Would like to see this happen cause I have one of Tommy's new heavy heavers for y'all to try out...


----------



## Cdog (Mar 18, 2002)

AbuMike said:


> We are talking casting over grass. You on the Southside or across the river? I have a place over on this side I go.
> 
> 
> Would like to see this happen cause I have one of Tommy's new heavy heavers for y'all to try out...

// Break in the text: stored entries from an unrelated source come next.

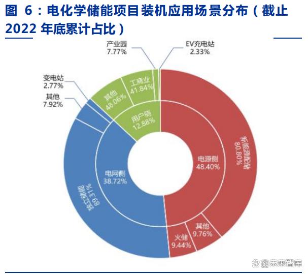 從應用場景看,2022 年儲能應用場景仍以新能源配儲及電網(wǎng)側獨立儲能為主。根據(jù) 中電聯(lián)統(tǒng)計口徑,截至 2022 年底,已投運的電化學儲能電站累計裝機主要分布在電源側, 占比達 48.4%,其次為電網(wǎng)側 38.72%和用戶側 12.88%。2022 年各應用場景新增裝機占 比基本保持不變,電源側占比 49.24%,其次為電網(wǎng)側 43.13%和用戶側 7.63%。從具體 場景看,新能源配儲為電源側主要場景,獨立儲能為電網(wǎng)側主要場景。
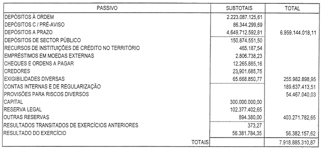 O Relatório dos Auditores Externos, tido em devida conta pelo Fiscal Único, refere que os documentos de prestação de contas apresentados evidenciam de forma verdadeira e apropriada a situação financeira do Balanço em 31 de Dezembro de 2003, bem como os resultados das operações referentes ao exercício findo naquela data, com observância dos princípios contabilisticos da actividade Bancária.
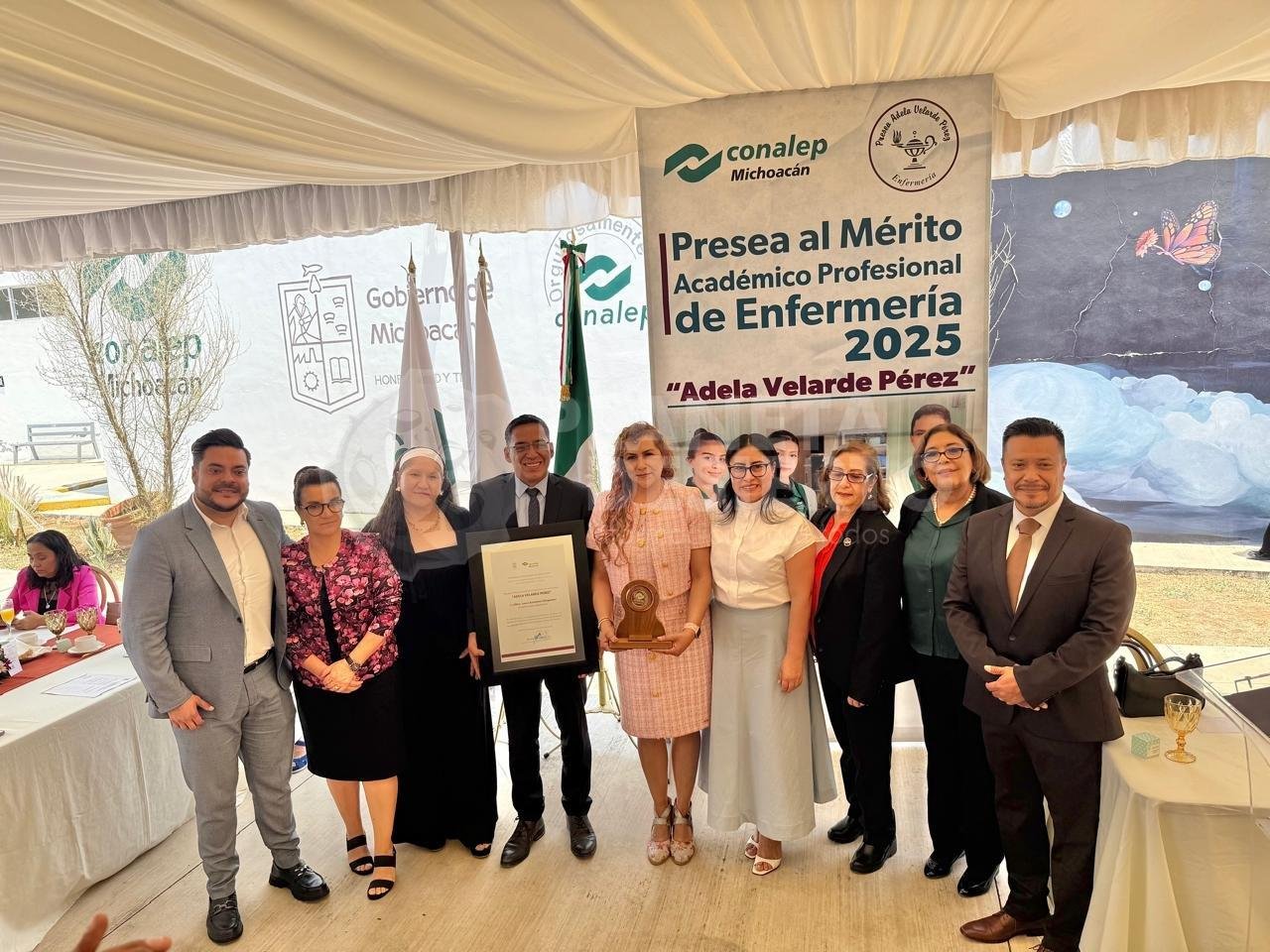 Morelia, Michoacán, 12 de mayo de 2025.- En la décimo segunda ceremonia de entrega de la Presea al Mérito Académico Profesional de Enfermería “Adela Velarde Pérez”, el Colegio de Educación Profesional Técnica del Estado de Michoacán (Conalep), otorgó su máximo galardón en el área de la salud a la destacada docente Laura González Villagómez.
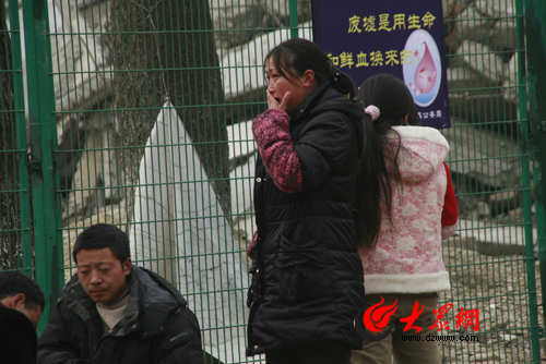 廢墟前含淚祭奠的家長
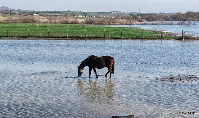 Uluabat Gölü, Bursa-İzmir kara yolunun kıyısına kadar gelirken bölgede bulunan milyonluk yarış atlarının bulunduğu tarlalar da su altında kaldı. Arap ve İngiliz yarış atları, su içinde gezinirken drone ile görüntülendi. Milyonluk tayların annesi olan damızlık atların büyük kısmının gebe olması da dikkat çekti.At çiftliğinin çalışanı Paşa Şıkıyev, 2017'den bu yana Karacabey'de tavlada çalıştığını belirterek, "Göl suları ilk kez buraya kadar geldi. Bu şekilde hiç görmemiştim. Atları sürekli ahırda tutamayız mecbur gezindikleri alana çıkardık. Orası da su altında ama yapacak bir şey yok bir süre böyle idare edeceğiz" dedi.
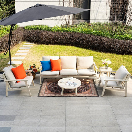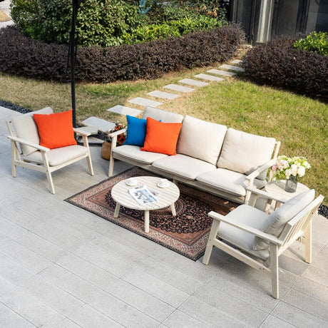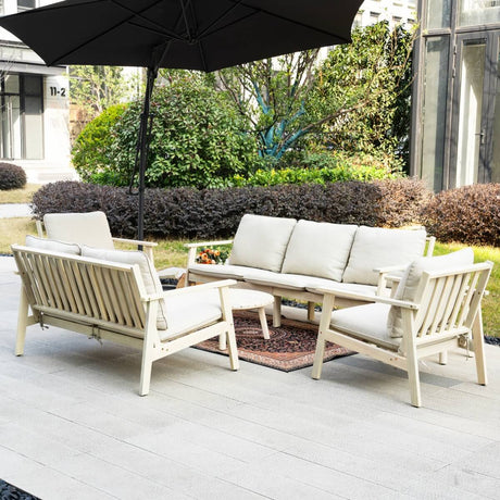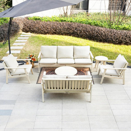 5-Seater Wood Patio Conversation Set with Footstool
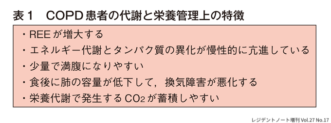 具体的にどれくらいの栄養投与が必要でしょうか.前述のようにCOPD患者では呼吸に費やす余分なエネルギー量によってREEが1.2~1.5倍に上昇するため,栄養状態を改善・維持するためには同年代の健常者より多くの栄養摂取/投与が必要です.しかし一方で,肺の過膨張によって横隔膜が平坦化しているため少量で満腹になりやすく,逆に食事をとることで横隔膜が引き上げられ換気が妨げられます.以上より,少量で効率よく栄養素を摂取/投与すること,栄養代謝で発生する二酸化炭素(CO2)をできるだけ抑えることが栄養療法のポイントになります.COPD患者の代謝と栄養療法上の特徴を表1に示します.

I would love to so I could try out Tommy's new heaver, have heard good things about it. Only problem is I am going to Az for school and will be gone the next two weekends.


----------



## NTKG (Aug 16, 2003)

well we should really plan this thing and do it. esp with fishing so hard in NC now, its been a while since everyone was out together..... It's always enjoyable seeing everyone and making fun of Josh's casting should be fun for all


----------



## AbuMike (Sep 3, 2007)

Anyone interested should throw up a couple dates so maybe we can get together.

I'm good any Sat or Sun..


----------



## Cdog (Mar 18, 2002)

The first weekend I will be available is the 16th.


----------



## jamesriverrat (Apr 30, 2009)

count me in just let me know where/when


----------



## mtbrider (Jul 9, 2008)

NTKG said:


> *making fun of Josh's casting should be fun for all*


 It's true, it will be funny; especially when I outcast neil, terrible form and all.


----------



## AbuMike (Sep 3, 2007)

No matter Josh, Teo is bringing SK so we just as well stay home..


----------



## dirtyhandslopez (Nov 17, 2006)

Sundays would be good.
Y'right Neil, has been a while. Looking foward to it.


----------



## Tommy (Jan 24, 2001)

Guys,

If the timing could be worked out I'd be glad to make the drive up and join the fun. I could bring a selection of rods and Akios reels. Next weekend is out, I'm working the Mid Atlantic Saltwater Expo but the following weekend (feb 9-10) would probably work for me.

Tommy


----------



## Tommy (Jan 24, 2001)

or the weekend of the 16th


----------



## JPChase (Jul 31, 2010)

^^^ So much for trying to outcast everyone at the castamuck!


----------



## WILSON (Aug 27, 2002)

This gonna be an 8nbait thing and drum fishing tackle or lightweight casting?


----------



## AbuMike (Sep 3, 2007)

Should just be drum fishing tackle. 8nbait......10 or 12 maybe.


----------



## NTKG (Aug 16, 2003)

JPChase said:


> ^^^ So much for trying to outcast everyone at the castamuck!


yeah lol.. i was thinking the same thing


----------



## NTKG (Aug 16, 2003)

WILSON said:


> This gonna be an 8nbait thing and drum fishing tackle or lightweight casting?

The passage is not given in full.